The encoded key's first byte pair was "\xf9\xef":

$ hexdump key.enc
0000000 f9ef 0942 1aa3 f743 8b8c 22bb c22a 14a3
0000010 0003                                   

Since prior keys were alphanumeric, we tried all alpha pairs, looking for a match on "f9ef":

#!/bin/bash
for char1 in A B C D E F G H I J K L M N O P Q R S T U V W X Y Z a b c d e f g h i j k l m n o p q r s t u v w x y z; do
    for char2 in A B C D E F G H I J K L M N O P Q R S T U V W X Y Z a b c d e f g h i j k l m n o p q r s t u v w x y z; do
        echo -e "$char1$char2\t"`./encoder "$char1$char2"|hexdump|head -1`
    done
done

Running this, we see:

$ ./brute.sh | grep f9ef
BE      0000000 f9ef 0002
Be      0000000 f9ef 0003

This gave us the next piece of evidence that the encoding is strangely case-insensitive. That radically reduces (our already small) key space, and we can eliminate half the characters used in each cycle. Adjusting the script to use only lower case, we got no hits for the next two characters past "BE". Trying upper case also failed. We moved to using "Be" instead of "BE", and this time lower-case yielded results:

#!/bin/bash
for char1 in a b c d e f g h i j k l m n o p q r s t u v w x y z; do
    for char2 in a b c d e f g h i j k l m n o p q r s t u v w x y z; do
        echo -e "$char1$char2\t"`./encoder "Be$char1$char2"|hexdump|head -1`
    done
done

Producing:

$ ./brute.sh | grep 'f9ef 0942'
wi      0000000 f9ef 0942 0003

We continued in this fashion, uncovering "Bewitching", at which point no more letters worked, so we added a space to the mix, and found " S" as the next pair. Two more iterations, and we had a full match against "Bewitching Sexto":

$ ./brute.sh | grep 'f9ef 0942 1aa3 f743 8b8c 22bb c22a 14a3'
to      0000000 f9ef 0942 1aa3 f743 8b8c 22bb c22a 14a3
$ ./encoder "Bewitching Sexto" > key.guess
$ diff key.guess key.enc && echo pwnd
pwnd

The "file" output for this executable reported it was statically linked, so there were going to be no dynamic relocation clues to follow. It also mentioned "corrupted section header size", which was weird. "strings", however, gave us some answers:

...
$Info: This file is packed with the UPX executable packer http://upx.sf.net $
...

We downloaded UPX, and decompressed the executable. The new executable was still statically linked, but we could use "strings" to see the insanity it was linked against. The most obvious chunk seemed to be a full copy of OpenSSL.

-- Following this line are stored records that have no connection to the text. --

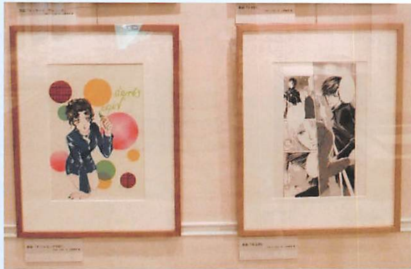
左：原画「そりゃないぜBABY」 右：原画「YELLOW」

練馬区立石神井公園ふるさと文化館では、令和6（2024）年1月から分室にて練馬区ゆかりの漫画家の紹介をしています。漫画「JIN」の作者である村上もとか館長をはじめ、練馬区内にはたくさんの漫画家が住んでいらっしゃいます。3ヶ月ごとに2人の漫画家を紹介し、原画や漫画本などを展示しています。本紙では、ふるさと文化館分室で作品展示を行った漫画家を紹介しています。
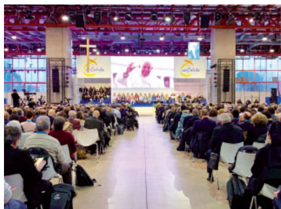
Aspecte general del congrés
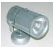
Ref.: 4-1 Halogeno 70w base
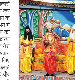
रामलीला का मंचन करते कलाकार

मसहूर बुलदेलेखण्डी कलाकारों ने लीलाओं का मंचन कर दर्शकों को मंत्रमुग्ध कर दिया
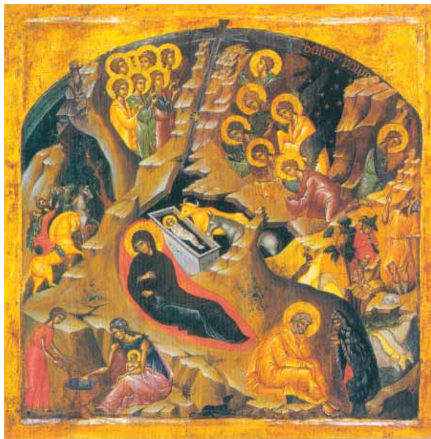
Icône de la Nativité de Notre Seigneur Jésus Christ
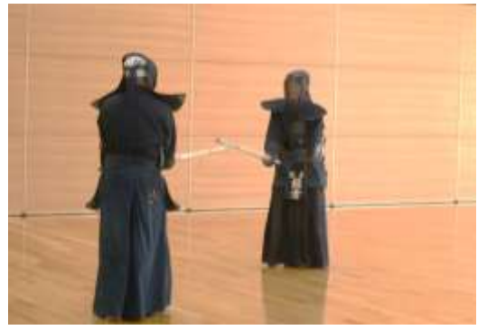
尾方先生・緒方先生の指導稽古
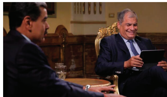
Correa entrevistando a Nicolás Maduro en el programa “Conversando con Correa”

Revolución Ciudadana recordó que “el atroz ataque de Estados Unidos a Venezuela constituye una grave violación del derecho internacional, en particular de los derechos fundamentales consagrados en la carta de las Naciones Unidas”. El
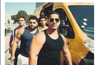
El barrio de Montfermeil y sus vecinos.

No hay malas hierbas, ni malos hombres. No hay más que malos cultivadores». Es la frase de Victor Hugo con la que Ladj Ly cierra Los miserables . Coge prestado el título de la gran obra del escritor porque su historia también tiene como escenario el barrio de Montfermeil, donde Ly creció y donde vivían los Thenardier, y porque, casi 150 años después, las condiciones de miseria siguen haciendo de esta banlieue de París un polvorín constante que solo se sal-
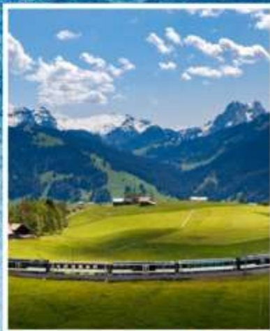
GOLDEN PASS LINE Montreux-Zweisimmen
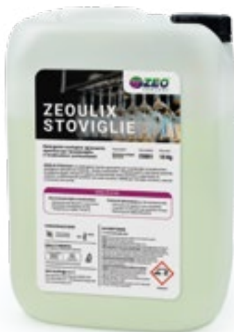
Formato: 10 Kg Confezioni: 1 tanica Art. C00001
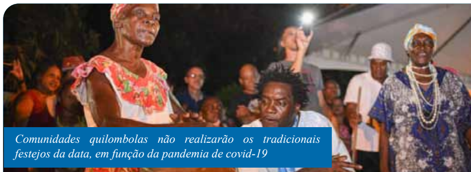
Comunidades quilombolas não realizarão os tradicionais festejos da data, em função da pandemia de covid-19

Atualmente, há 19 mestres e mestras da cultura popular em Cachoeiro beneficiados pela lei, e o valor total de repasses neste ano será de R$ 110.751. “Mesmo diante do contingenciamento de verbas necessário para a administração municipal neste momento de crise, vamos garantir o repasse financeiro aos nossos mestres e mestras. Eles representam a continuidade das tradições populares na nossa cidade,
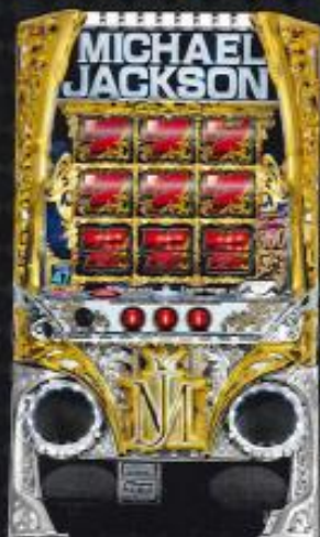
パチスロ マイケル・ジャクソンA
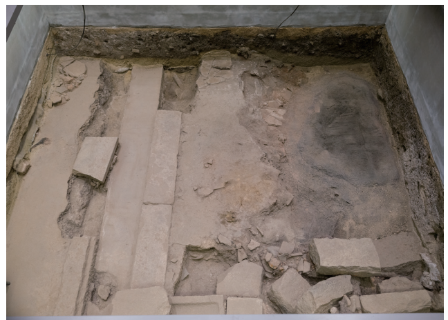
2023年12月15日撮影 (北側から撮影)
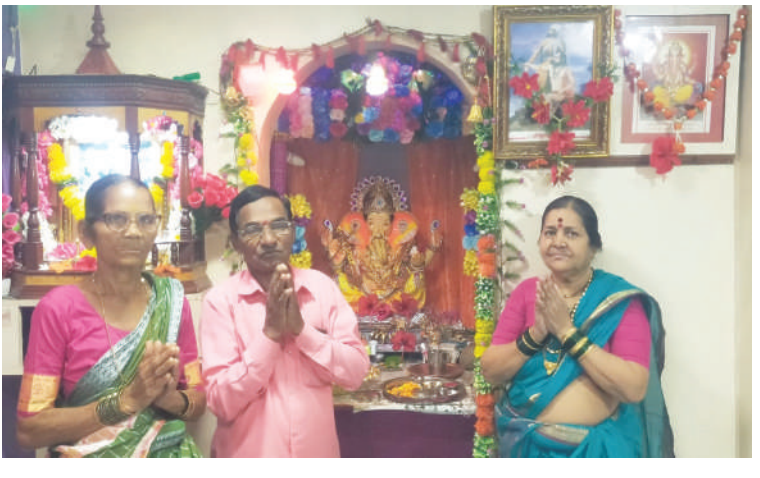
● ज्येष्ठ कार्यकर्ते शेकाप तथा माजी सदस्य ग्रामपंचायत न्हावे गोविंद भायतांडेल मु. न्हावे रोहा यांच्या निवासस्थानी विराजमान गणेशमूर्ती.

Running the client, it reports the following and quits:

Calling Key Builder
Key was built in memory successfully

This means we've got to get a break-point into the program before it clears its memory (or exits), and then we need to find the key in memory.

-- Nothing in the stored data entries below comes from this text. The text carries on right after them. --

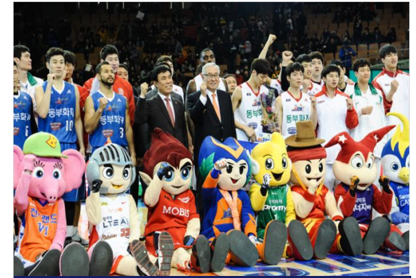
2014-2015 KCC 프로농구 올스타전

장 소 인천 삼산월드체육관 대 상 대한민국 국가대표팀 리투아니아 국가대표팀 체코 국가대표팀 앙골라 국가대표팀 주 최 / 주 관 현대모비스
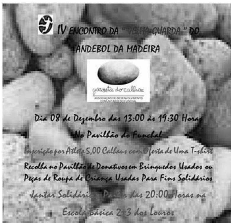
Evento solidário tem lugar no PAVilhão do Funchal.

Este torneio tem como objectivo angariar fundos para a instituição em causa. Cada jogador irá pagar 5 euros de inscrição, com direito a uma t-shirt e um calhau, revertendo parte desse valor a favor da 'Garouta do Calhau'. A organização conta já com várias
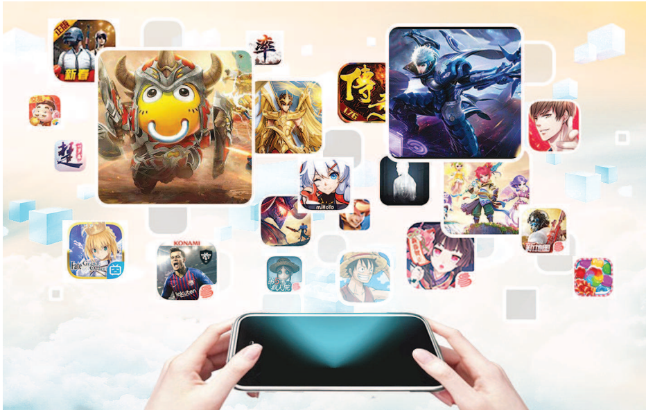
得益于市场利好及多款大IP产品走势良好,游戏产业上升空间很大。 制图:李洁

动漫改编游戏强调代入感,改变的是观众的角色——从浏览者变为体验者。 ▼下转第三版
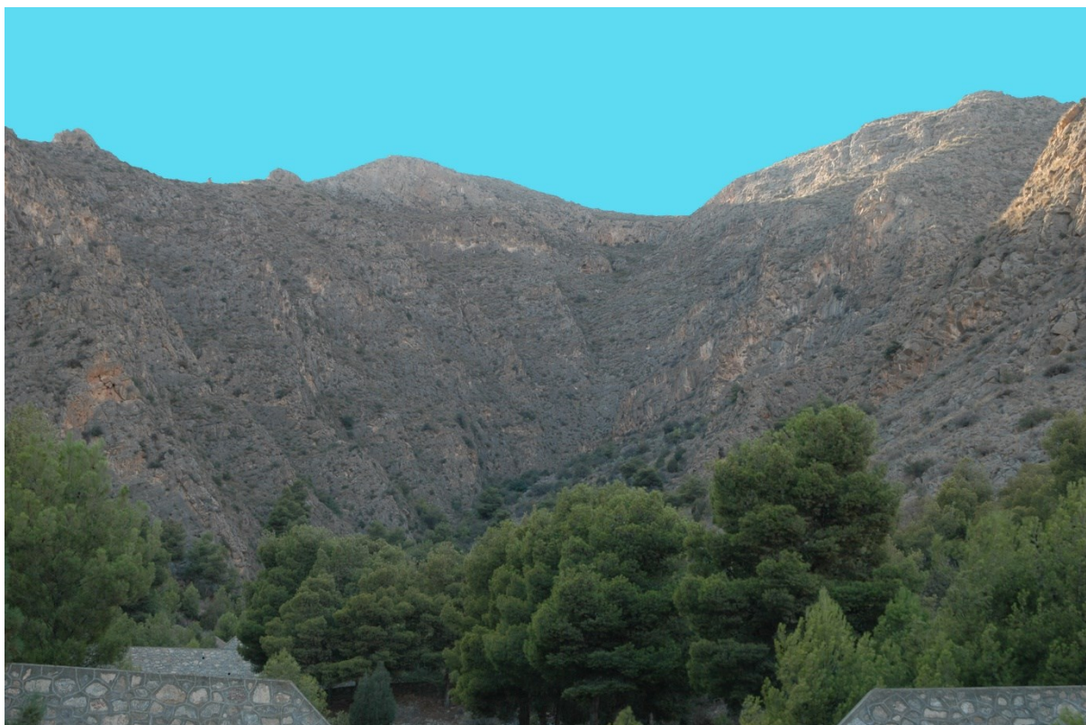
Vista de la microreserva en la qual s'observen els ambients rupícoles i les fàcies del cornical

http://www.dogv.gva.es/datos/2001/08/07/pdf/2001_7555.pdf

We first find where the "Key was built..." string is located, and where it is used:

$ objdump -s -j .rodata ./RevEng500Client.uncompressed | grep "Key was"
 8187960 65720000 4b657920 77617320 6275696c  er..Key was buil
$ objdump -d ./RevEng500Client.uncompressed | grep -A1 8187964
 804834a:       68 64 79 18 08          push   $0x8187964
 804834f:       e8 40 12 0e 00          call   0x8129594

Now we set a break point just before (what we assume is) the "printf" call at address 0x804834f. However, the code runs without triggering the break point.

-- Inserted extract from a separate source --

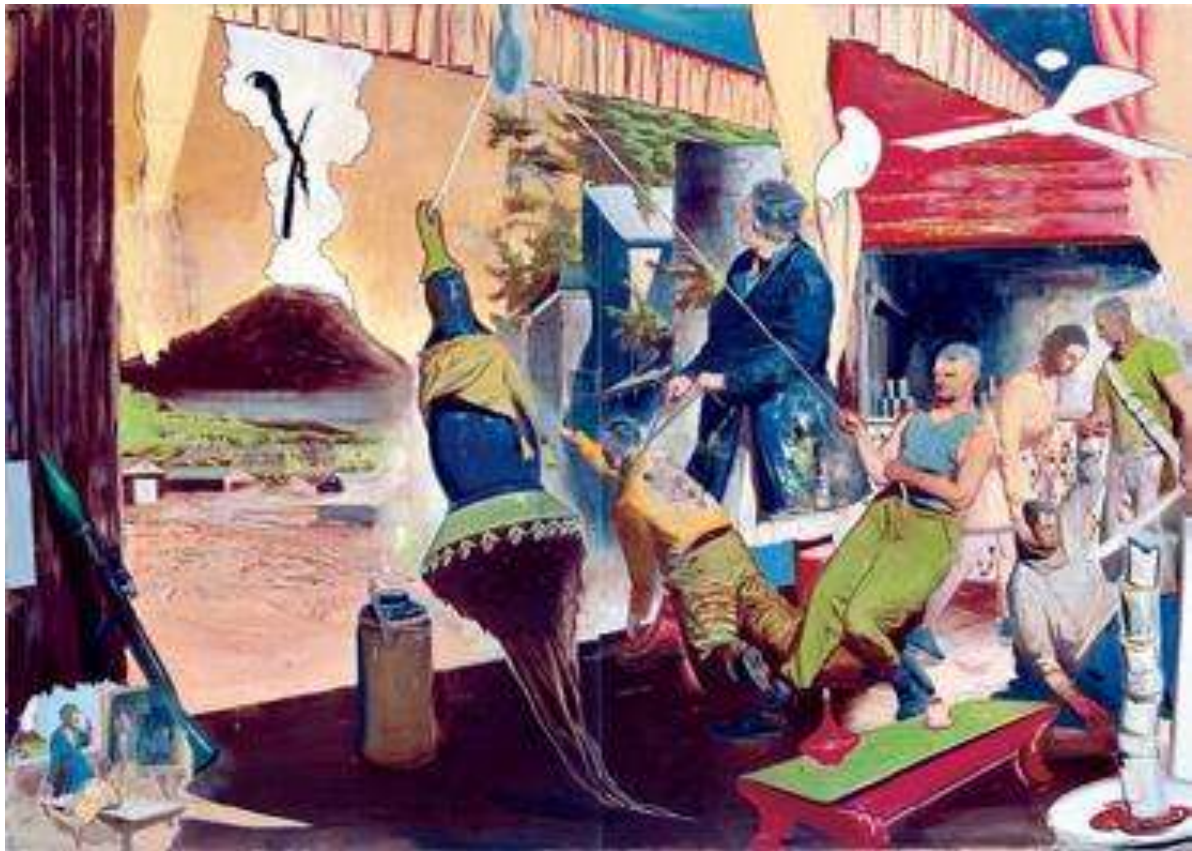
Neo Rauch 1960, Duitsland, titel: 'Das Alte Lied ( tweeluik)' 2006
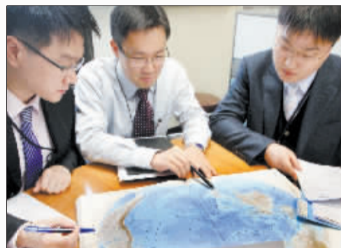
13日,韩国外交通商部内,工作人员讨论救援对策。

按照他的说法,新西兰可以派飞机救援,但飞赴事发海域至少需8小时。亨德森说,事发海域当天浪高1米,风力不大。

While messing around more with break points in other locations, we see that gdb has reported that the program is threaded. Since we're unable to stop at a break point we know is being called, we shift gears and tell gdb to follow the child thread instead of staying on the parent with the "set follow-fork-mode child" gdb command.

Now following the correct thread, we try again, this time stopping at 0x804834f. From here, we scan through memory, looking for the now-classic two-word key pattern:

(gdb) gcore
^Z
$ strings core.5919 | egrep '^[A-Z][a-z]+ [A-Z][a-z]+$'
Exhibitory Overproduction

Besides identifying important functions by looking for where arguments are being used, another way to deal with static binaries is to find all the "int 0x80" calls. These are the system calls for accessing low-level kernel interfaces. Since these are only the most basic of operations, it is much more limiting than being able to search for shared library calls.